=== Exercise directions ===
Each line starting at the one that contains "The ulnar nerve" and ending at the one that contains "8. 某校对各班级教室卫生情" must be returned exactly, and the rest of the listing is left out.

=== Data excerpts ===

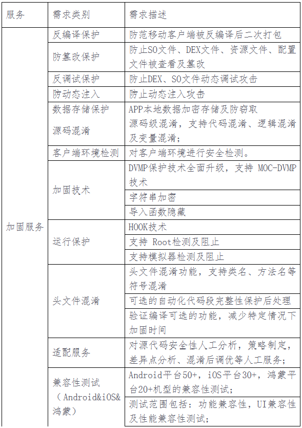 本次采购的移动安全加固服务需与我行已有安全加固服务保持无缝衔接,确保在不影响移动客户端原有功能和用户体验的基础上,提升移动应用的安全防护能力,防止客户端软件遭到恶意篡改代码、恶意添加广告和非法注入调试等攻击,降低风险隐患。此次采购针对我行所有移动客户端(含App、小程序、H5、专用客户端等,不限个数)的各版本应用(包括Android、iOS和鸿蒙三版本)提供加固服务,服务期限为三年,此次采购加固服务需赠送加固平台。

===
=== Data excerpts ===

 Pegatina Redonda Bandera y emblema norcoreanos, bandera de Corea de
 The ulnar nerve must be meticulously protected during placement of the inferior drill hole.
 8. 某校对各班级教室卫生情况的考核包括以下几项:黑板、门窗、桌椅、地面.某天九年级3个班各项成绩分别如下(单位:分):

===

=== Task response ===
 The ulnar nerve must be meticulously protected during placement of the inferior drill hole.
 8. 某校对各班级教室卫生情况的考核包括以下几项:黑板、门窗、桌椅、地面.某天九年级3个班各项成绩分别如下(单位:分):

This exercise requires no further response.